> _The records_
───
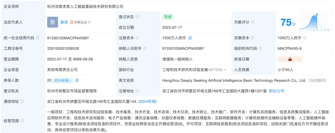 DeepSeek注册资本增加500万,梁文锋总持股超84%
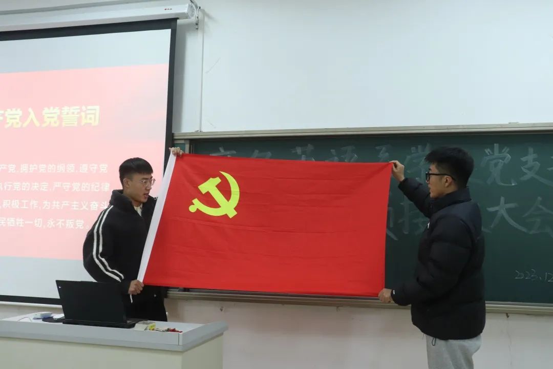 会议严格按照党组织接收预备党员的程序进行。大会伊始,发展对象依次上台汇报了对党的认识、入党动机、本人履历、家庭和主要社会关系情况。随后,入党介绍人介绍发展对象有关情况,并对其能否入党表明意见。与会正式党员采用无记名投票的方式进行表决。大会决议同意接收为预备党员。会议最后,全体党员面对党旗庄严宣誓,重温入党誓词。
───
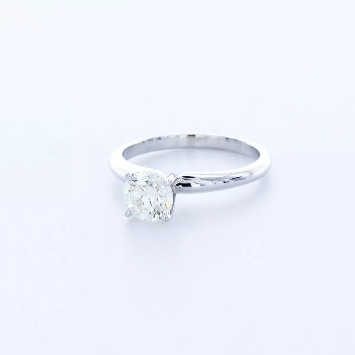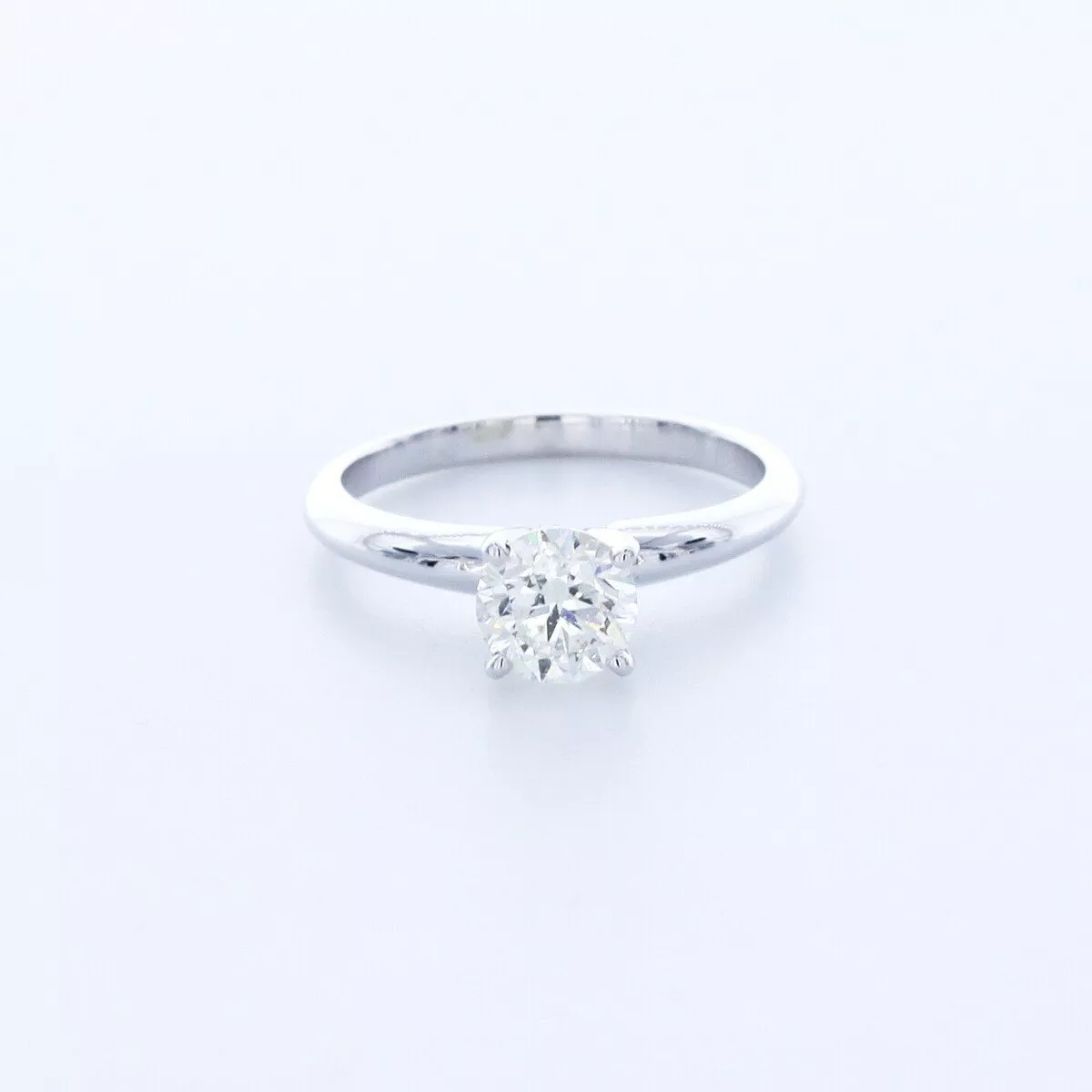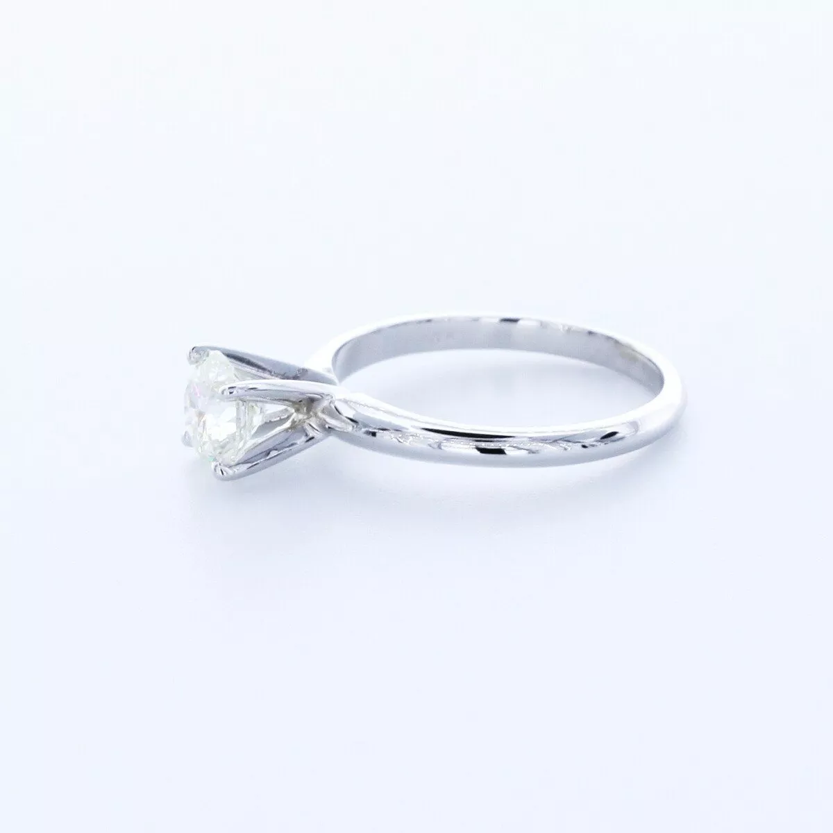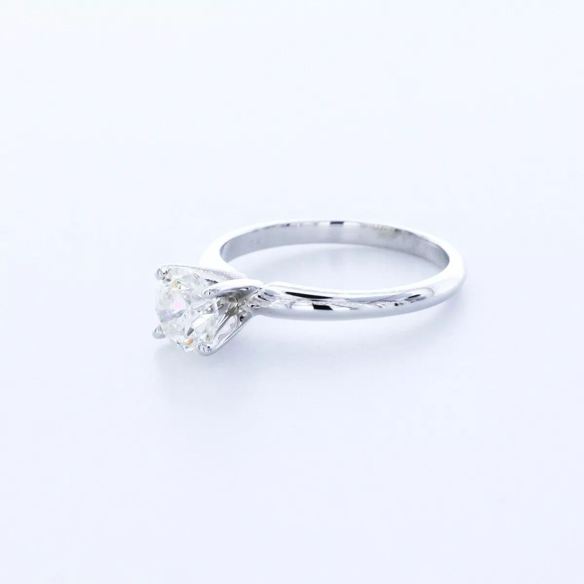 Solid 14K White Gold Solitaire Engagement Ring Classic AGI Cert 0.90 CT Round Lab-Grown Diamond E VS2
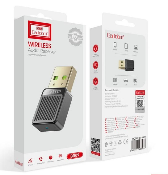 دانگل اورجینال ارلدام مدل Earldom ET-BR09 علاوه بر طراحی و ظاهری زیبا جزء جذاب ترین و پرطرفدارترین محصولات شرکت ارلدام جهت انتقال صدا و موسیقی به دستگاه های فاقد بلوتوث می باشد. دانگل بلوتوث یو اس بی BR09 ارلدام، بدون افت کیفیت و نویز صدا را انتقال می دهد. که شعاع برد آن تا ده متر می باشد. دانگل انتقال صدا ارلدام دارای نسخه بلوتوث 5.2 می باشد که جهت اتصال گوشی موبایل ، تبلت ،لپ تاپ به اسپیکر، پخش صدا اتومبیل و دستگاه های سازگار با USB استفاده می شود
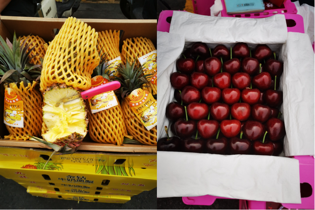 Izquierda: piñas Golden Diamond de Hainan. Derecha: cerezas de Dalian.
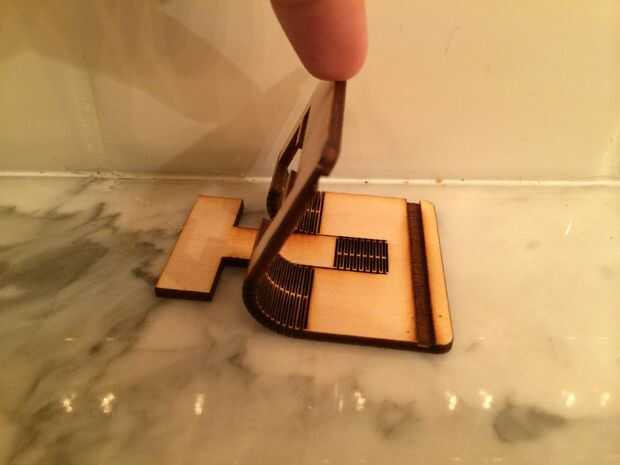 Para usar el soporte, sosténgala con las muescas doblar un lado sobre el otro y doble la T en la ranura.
───
> _What you will do_
The answer must be the part of the records that opens with the line containing "DeepSeek注册资本增加500万,梁文锋总持股超84%" and closes with the line containing "会议严格按照党组织接收预备党", reproduced exactly, with no pictures.

> _Task solution_
 DeepSeek注册资本增加500万,梁文锋总持股超84%
 会议严格按照党组织接收预备党员的程序进行。大会伊始,发展对象依次上台汇报了对党的认识、入党动机、本人履历、家庭和主要社会关系情况。随后,入党介绍人介绍发展对象有关情况,并对其能否入党表明意见。与会正式党员采用无记名投票的方式进行表决。大会决议同意接收为预备党员。会议最后,全体党员面对党旗庄严宣誓,重温入党誓词。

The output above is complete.